Why Are Low-Code Platforms Becoming the New Holy Grail of Cyberattackers?

Low-code/no-code platforms for enterprise are booming. With more and more critical business assets now stored and handled by these platforms, it is essential to understand that low-code often leads to a large attack surface. This article will explore low-code/no-code from an attacker’s perspective to better understand their potential weaknesses and showcase why they are becoming the new holy grail for cybercriminals.

Essentially, it’s about identity and data

For low-code/no-code platforms to be effective in business, they have to make use of critical business data. This data could be on the cloud, on-premises, or even stored with third parties such as a trusted SaaS vendor. The low-code/no-code applications an organization uses must have access to these assets and interact with the data in order to function.

For example, let’s take a simple automated process where you send a slack message to a specific internal channel when you get a new message from a client. This basic process alone needs access to 2 critical assets – your business email and Slack account. 

Once you connect those accounts to your low-code/no-code platform, the connection remains active, ensuring the process is permanently active. Unlike traditional credentials use, the connection to the low-code/no-code platform is continual. Therefore your platform account could be considered an advanced credentials wallet.

You could easily compare this to a password manager on your browser. The only difference is your browser stores those credentials (only using them based on your interaction) while your low-code platform continuously runs code using them. Therefore, an attacker with access to your low-code platform can also run code using your credentials.

Unfortunately, there’s more to it than that. Low-code platforms allow users to share connections with one another. For businesses, this feature makes a lot of sense. Organizations often require individuals to collaborate with each other or perform org-wide operations. 

The downside is an attacker might leverage this feature to impersonate other users in the organization.
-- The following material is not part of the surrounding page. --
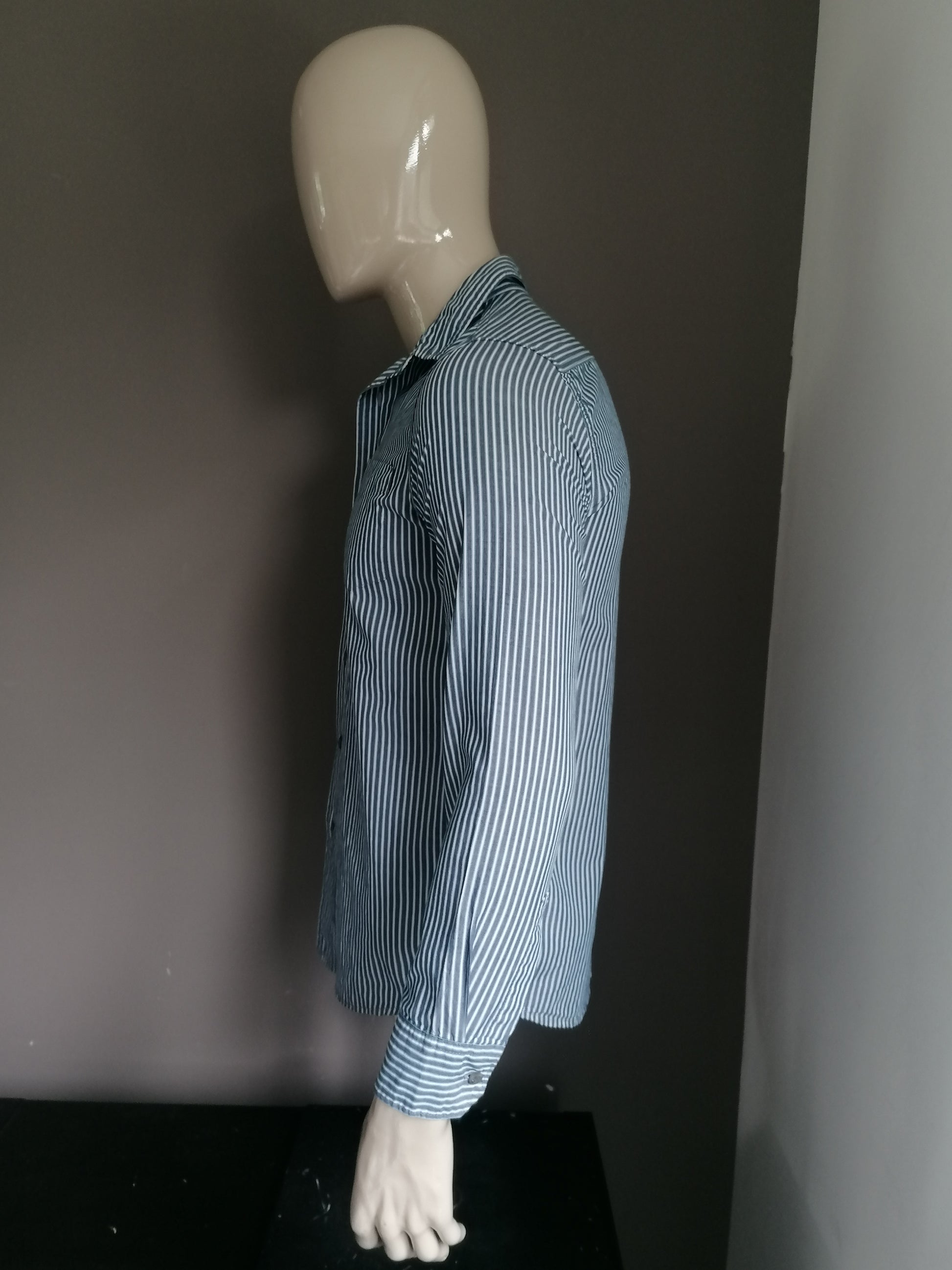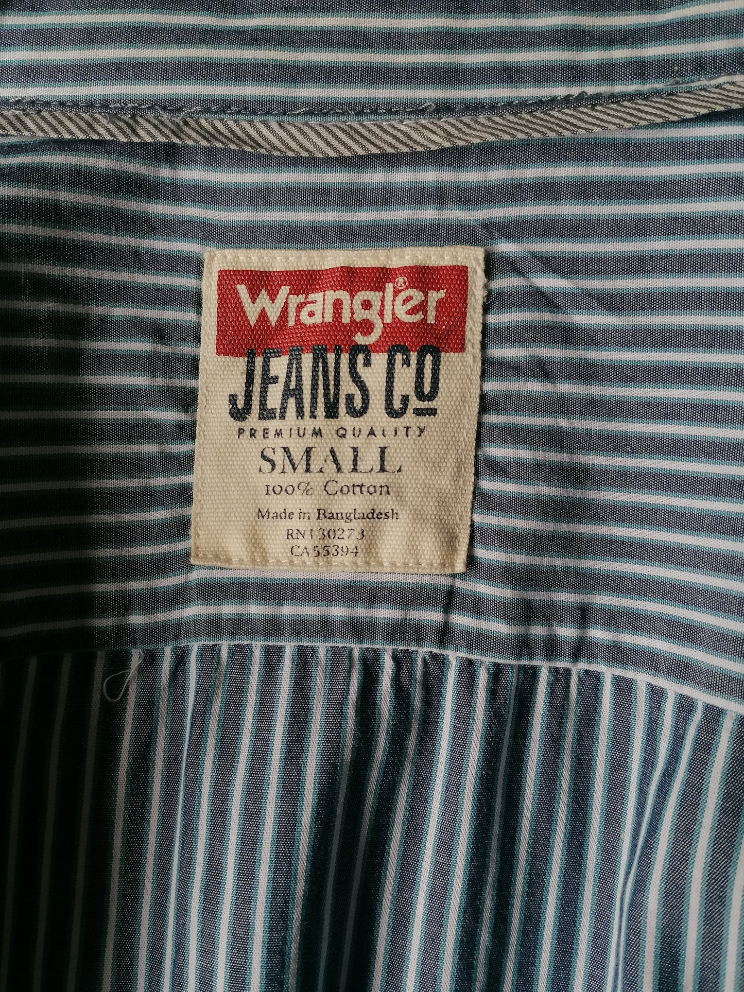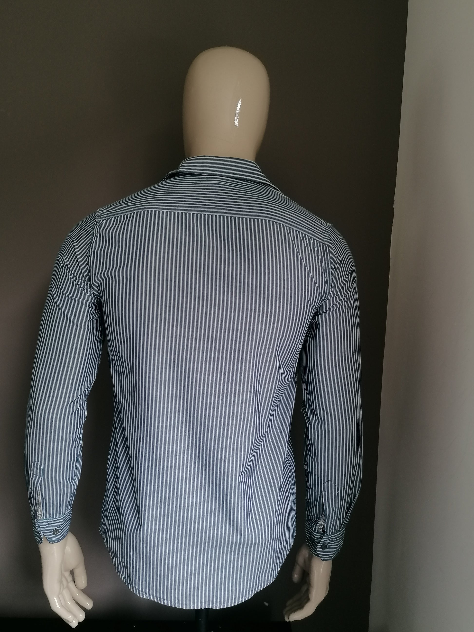 Wrangler overhemd. Blauw Wit gestreept. Maat S.

Low-code connections effectively act as wrappers around authentication tokens to other SaaS services, opening more doors for an attack to exploit within the organization. 

Furthermore, it can allow attackers to evade detection. It is highly unlikely that current industry-standard security tools can even identify something is wrong, let alone mitigate against it. Therefore attackers can infiltrate undetected, performing a stealth attack where they exfiltrate your data record-by-record.

What a real-world low-code ransomware scenario may look like:

Intrusion (Initial Foothold)

First, the attacker attempts to access an organization’s low-code account. This could be due to a vulnerability within the low-code platform or, more likely, another entry point (password spraying, etc.). For example, Microsoft Power Platform is integrated into the 365 suite, meaning an account takeover results in immediate Power Platform account access.

Reconnaissance

Once they have access to a low-code platform account, the next step for an attacker is to map all the available connections. In this example, we’ll assume that the attacker gains access to the organization’s Google Drive.

Encrypting cloud files (data manipulation)

With access to your low-code/no-code platform account, the attacker can use your cloud storage connections to encrypt all of your data stored there. Here is a simple flow we’ve built showing a ransomware attack on Workato:

The Google Drive Data before running the ransomware:

After running the ransomware:

The file is now encrypted with the attacker’s public RSA key, and it can only be decrypted using the corresponding private key. Classic ransomware. Usually, the best remedy to a ransomware attack is to have a backup handy. However, the backup has become encrypted in this instance, leaving you scrambling for a solution.

It is essential to mention that encrypting files is one of many possible scenarios. Once inside, the attacker can read, write, or execute data as much as they like (within the context of the account and the connections shared with it). An intelligent attacker might choose to perform an ongoing silent attack, exploiting stealth to maintain access over an extended period.

Wrap-up

Low-code/no-code platforms are seeing widespread adoption with greater productivity for organizations and individuals. However, it is crucial to understand the significant security risks they pose.

Low-code/no-code offers new exploits for cybercriminals to target. As we’ve demonstrated, given the interconnected business environment we all operate in, threats can spread across organizations and escalate quickly.

It only takes a few simple steps for an attacker to go from low-code account access to taking over an organization’s cloud data. With access to company assets, low-code/no-code platforms are easily exploitable as advanced credential wallets. 

In addition, the risks are amplified compared to traditional cloud risks since they are almost impossible to detect with ordinary off-the-shelf cyber security products.

It’s easy to see why low-code/no-code code platforms are the new holy grail for attackers.

Security professionals need to acknowledge the new and severe security risks to their organization from lowno code usage. While most security professionals have experience dealing with cloudweb and classic on-prem security, lowno code platforms act as new de-facto side-channels into an organization. Therefore, the new technology requires new considerations, and should not be overlooked.